Another potential drawback is price. Battery systems are much more expensive than a standby generator including the maintenance cost. Most standby batteries only have a 10-12 year design life while Generators can prove reliable for 20years + if well maintained.

 

The advantage of battery storage is the clean power supply that is always on. Whether inline or in standby mode, they are always available. There’s no start-up issue to worry about, no fossil fuels, no lubricants and no dirty emissions. 

 

While batteries systems are replacing sub 1MW standby applications, especially in an industrial and dense commercial application, the likelihood of larger hospitals using them to replace SPS is slim at present. 

Where we will likely see the introduction is when it’s being used to supplement the PES (primary electrical supply).
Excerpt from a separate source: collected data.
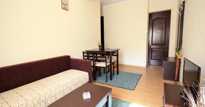 Pensiunea este dotata cu 5 apartamente (living, dormitor, baie, bucatarie), 55 de camere duble dintre care 12 cu doua paturi si 43 cu pat matrimonial.
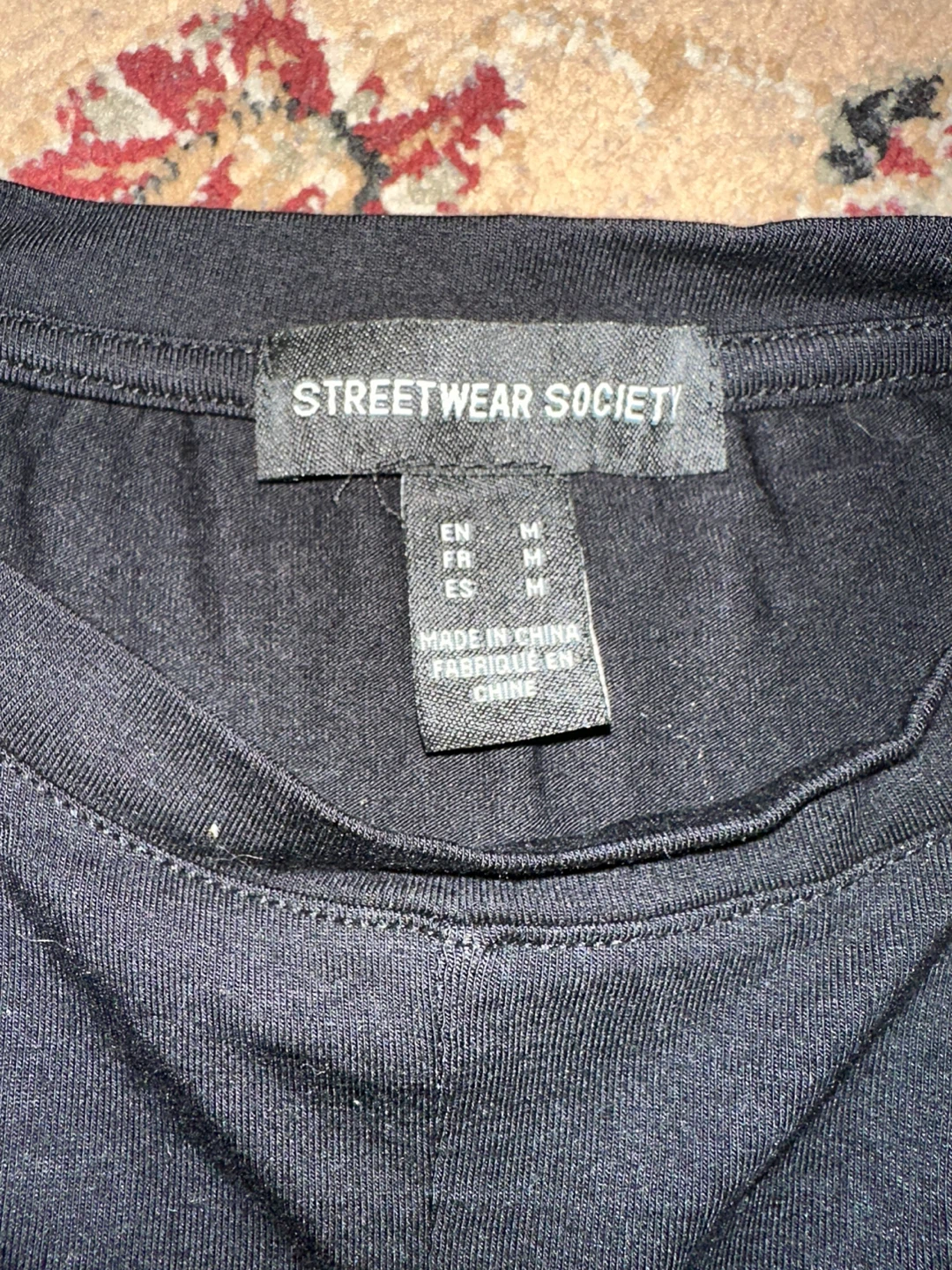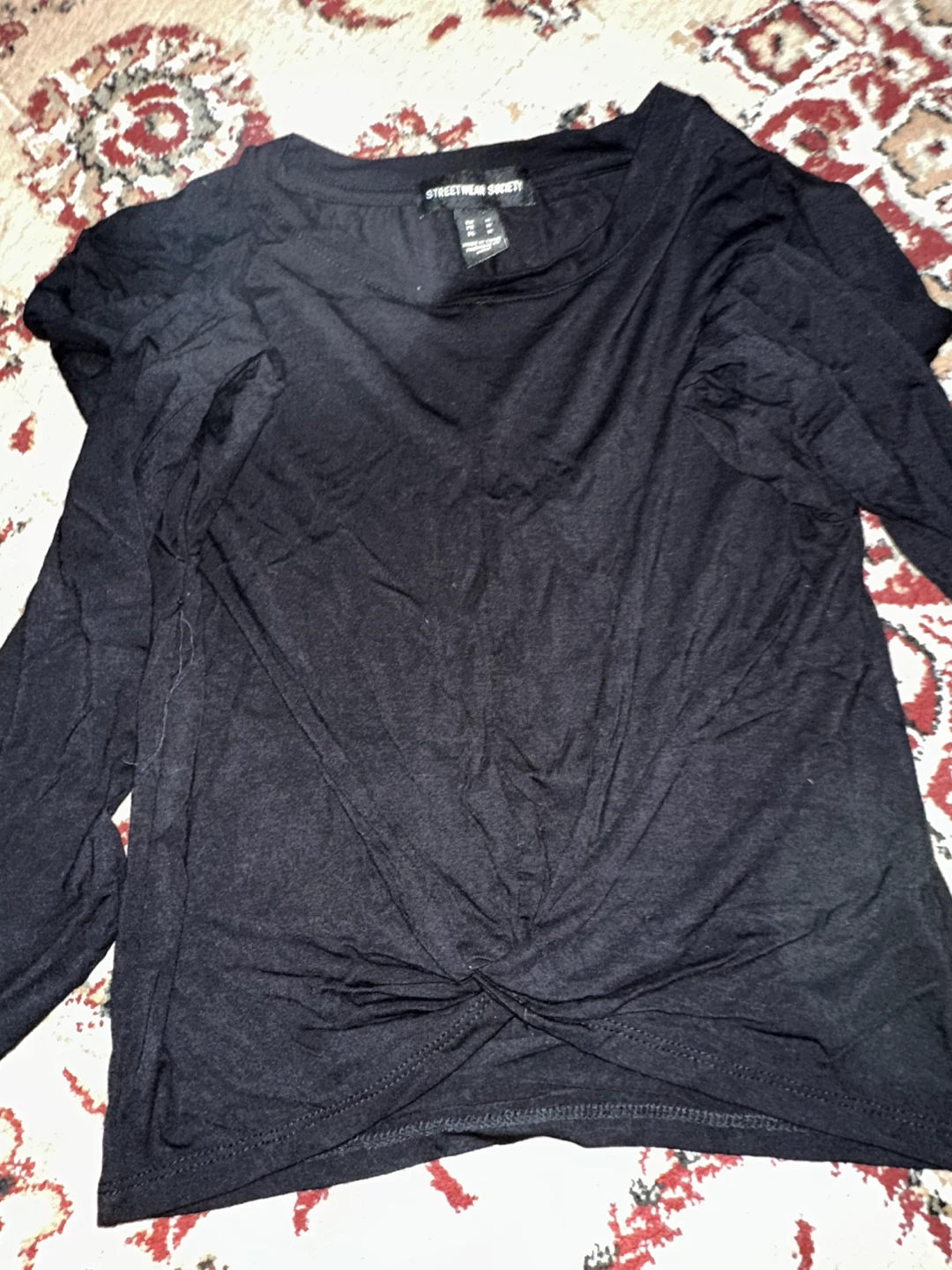 This is a black long-sleeve top from Streetwear Society. It features a stylish twist-front detail. The material is soft and comfortable. Size medium.
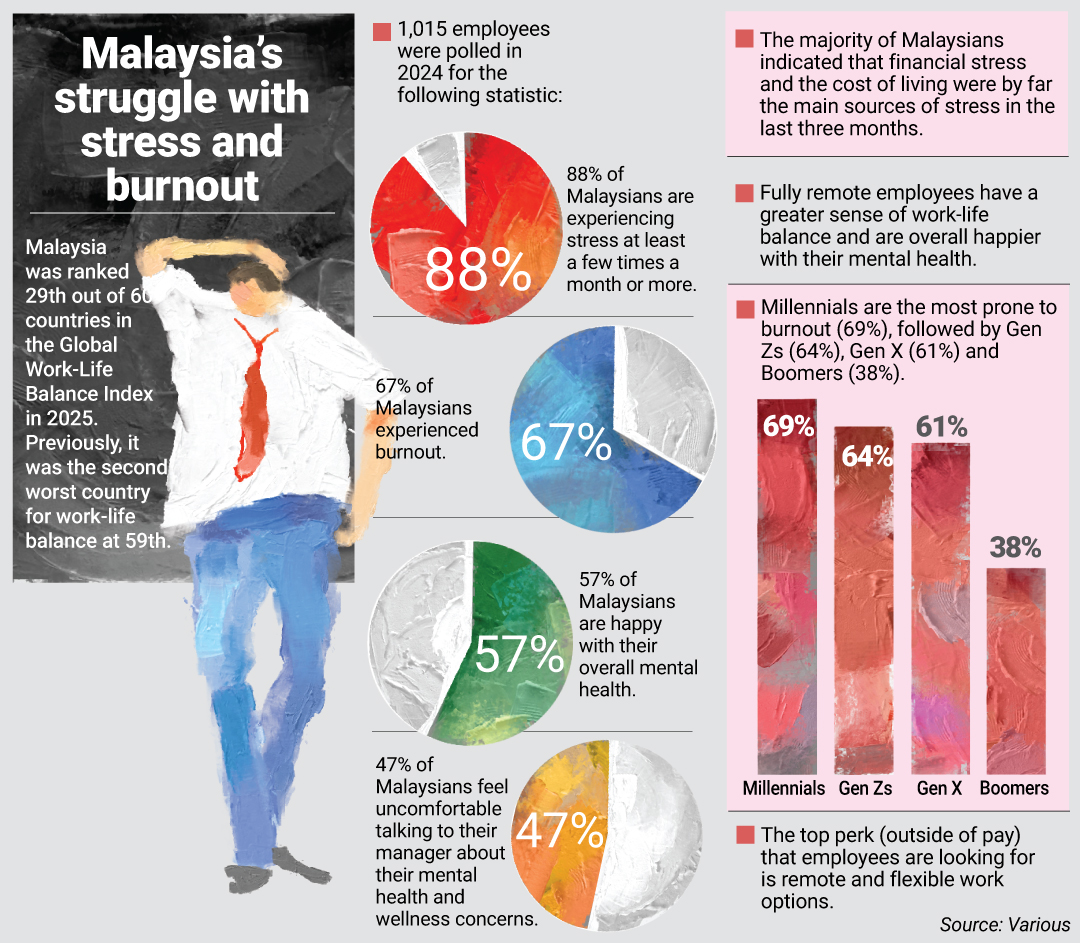 PETALING JAYA: Long hours and an “always-on” work culture are fuelling a burnout crisis among Malaysia’s young professionals – and a year after being ranked second worst globally for work-life balance, many continue to cry out over rising stress and exhaustion.
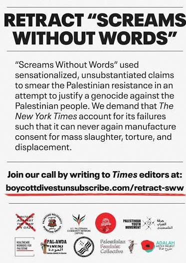 الكوفية نيويورك - تتصاعد المطالبات الشعبية والإعلامية بسحب تقرير "Screams Without Words"، الذي نشرته صحيفة "نيويورك تايمز" قبل عامين، كونه من أكثر المواد الدعائية تأثيراً وخطورة في تغطية الصراع الفلسطيني–الإسرائيلي، خلال العقدين الماضيين.
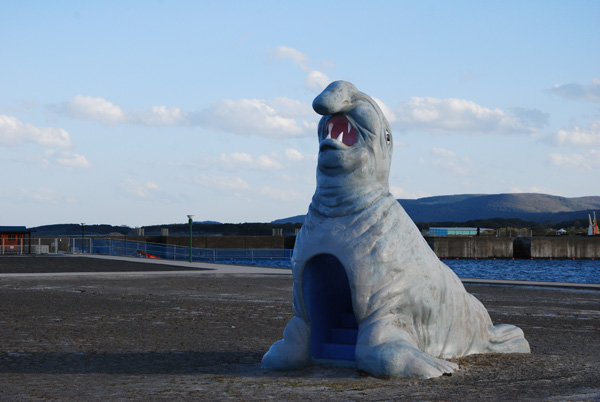 在远远就能看见这座残旧的海豹塑像。
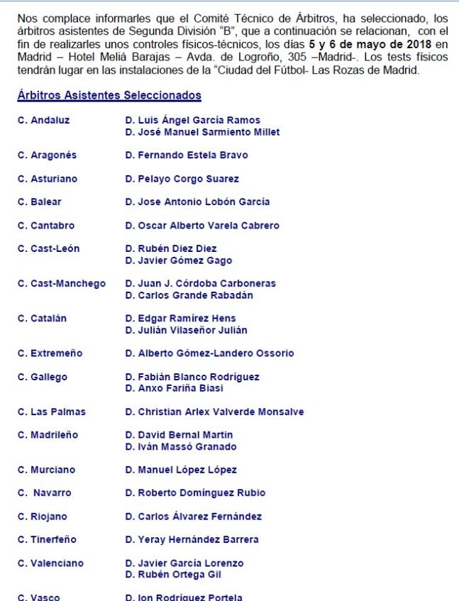 Estos son los elegidos para optar el ascenso a Segunda División como árbitros asistentes. ¡Suerte a todos!
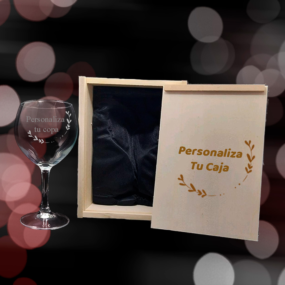Personaliza tu Kit de 1 copa de gintonic grabadas con estuche de madera personalizado Crear mi diseño desde cero con fotos y textos, personalizada la copa y la caja de madera, con mensajes, dedicatorias, agradecimientos, y mucho más. Haz un regalo único y original donde marcarás la diferencia.
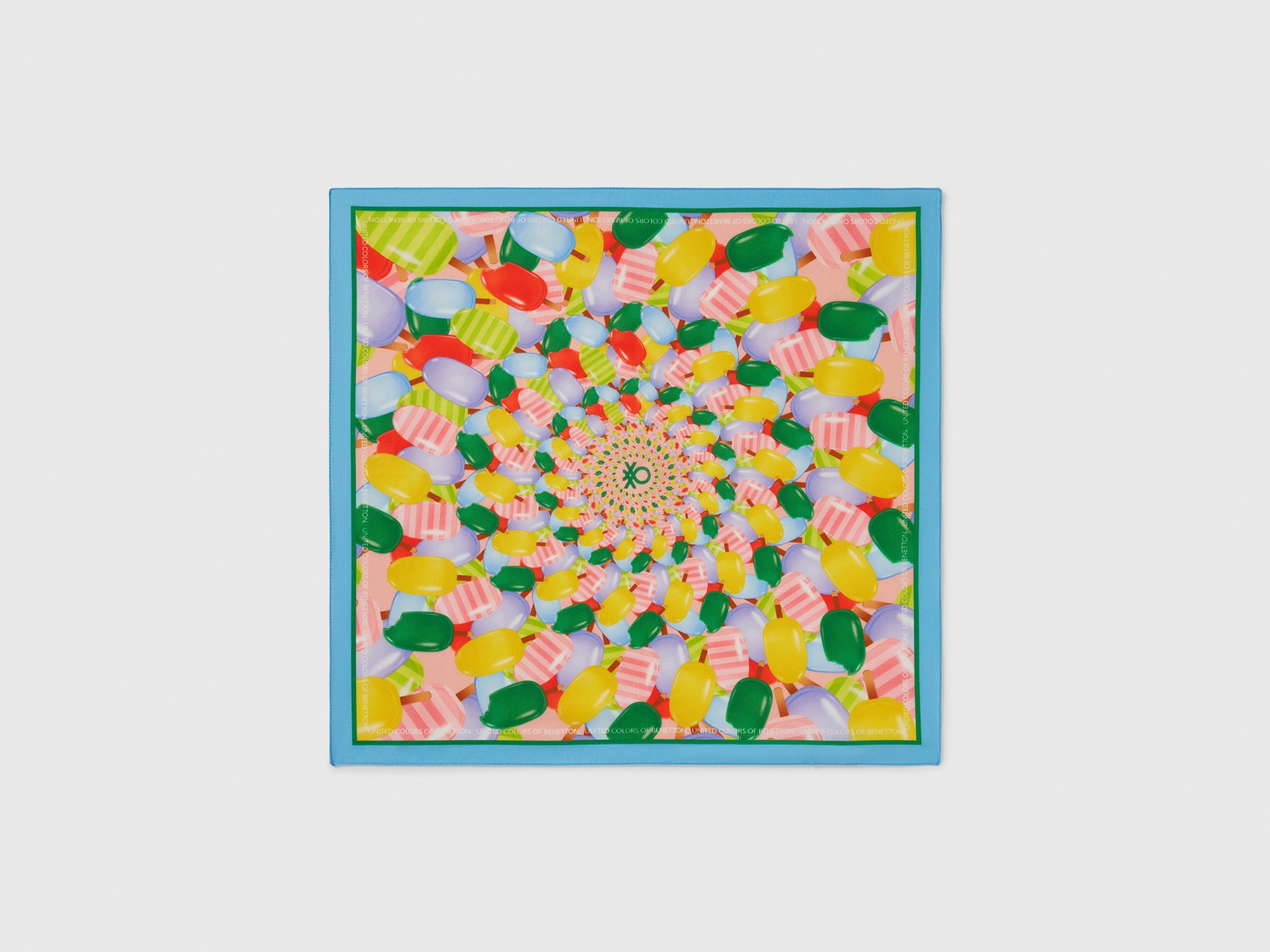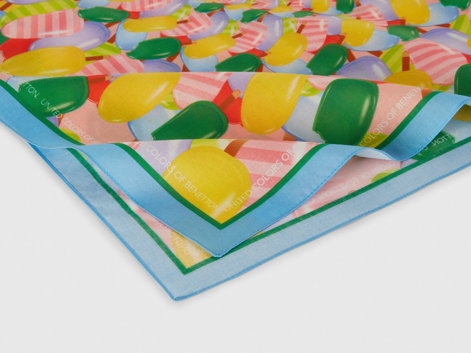 Foulard quadrato in tessuto leggero di puro cotone con bordo a righe bicolor. Pattern gelati e stampa logo al centro. Stile pop e divertente, per look pieni di personalità.
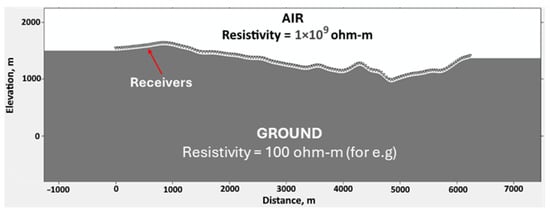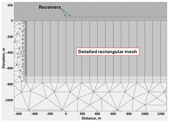 The automated process for mesh generation begins by considering a 100 km × 100 km bounding box model. The extents of this bounding box can be adjusted as required. The algorithm takes the length of a survey line and the topographic surface along the line as input. To avoid or at least reduce possible artifacts on the line’s ends (so-called “edge effect”), the area of interest is then defined by extending this line by a user-specified value (e.g., 500 m) at both ends. To define the bottom of the bounding box, the lowest elevation along the line is considered, and the bottom of the bounding box is calculated as the lowest elevation plus the user-defined depth of the model. The top of the region of interest box is defined by the topographic surface for the survey line. The area of interest is triangulated using external calls to the open-source constrained and conforming Delaunay triangulation code Triangle, as described in []. The user-specified maximum triangle length defines the resolution of the detailed mesh, while the surrounding pad area is meshed with arbitrarily large triangles. With some manipulation of the files, the *.resistivity and *.poly files required for input to MARE2DEM can be produced without any user involvement, except for specifying the mesh parameters or for preparing constrained inversions. Additionally, an algorithm has been developed to generate rectangular meshes automatically. It operates similarly to the previously described method but uses a rectangular mesh instead of a triangular one in the region of interest. The rectangles have user-specified height and width (Figure 3). This approach is suitable only when the terrain can reasonably be approximated as flat.
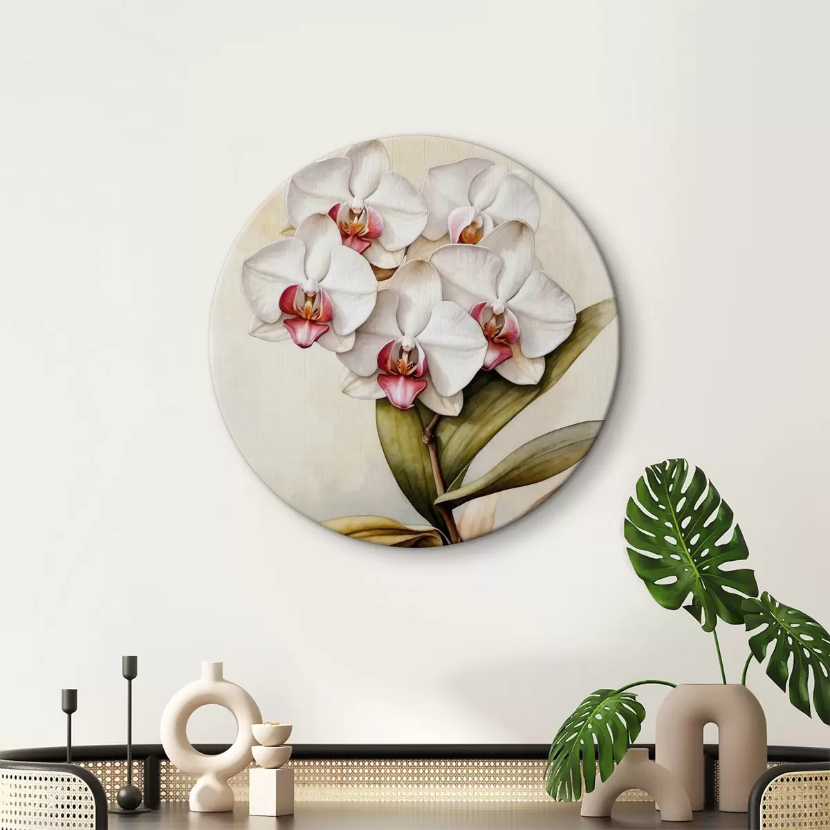 Okrągły obraz Orchidea na akwarelowym tle Nr r36829
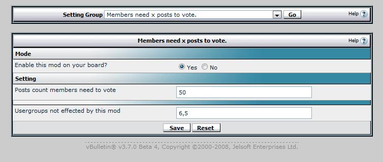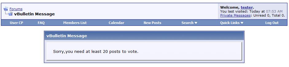 Function: A mod is quite simple, requires members to meet the number of posts by admin rules, the new votes, avoid cheating, to ensure fairness for the vote. Demo:File Attach Please click Mark as Installed if you want to get support for this mod Download
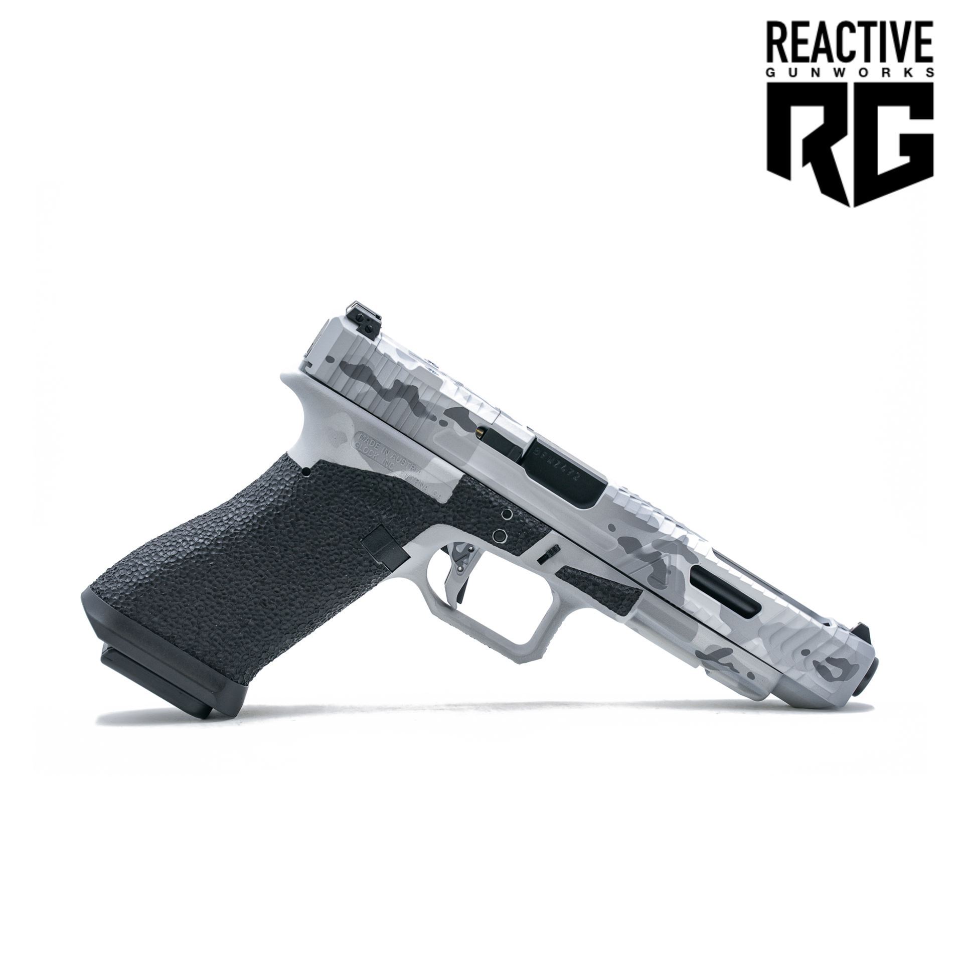 We remove the finger grooves, cut in gas pedals, and bevel out the inside area of the trigger guard on a mill. We call the gas pedals the “Accelerator Cuts” and they offer enhanced traction on the pistol. With the accelerator cuts, muzzle rise is dramatically decreased and follow up shots are faster. We do a non-traditional double undercut and dock the front of the trigger guard for aesthetic purposes. We finish the frame off with full stippling and offer Gen 4 back strap melding as well for no additional charge.
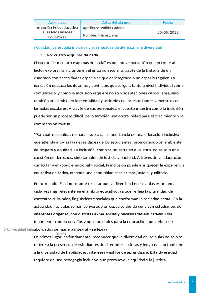 Actividad: La escuela inclusiva y sus medidas de atención a la diversidad

The PES is the hospital’s main supply. Battery storage can be used in conjunction with the PES for peak shaving, reducing the peak electrical loads created by the hospital and reducing the supply-demand and costs. 

 

Additionally, battery storage can be used to supply and work in conjunction with solar in supplementing the PES and shifting the load demand to a different time period. 

 

Until recently, lead-acid batteries (VRLA) have been the go-to battery technology for providing stored energy for UPS applications. The high prices and lack of knowledge meant the superior lithium-ion chemistries seemed out of reach for the budget-constrained healthcare sector.

 

However, with demand going up and prices coming down, the availability of lithium-ion based UPS systems is on the rise and progressing into a viable option for healthcare.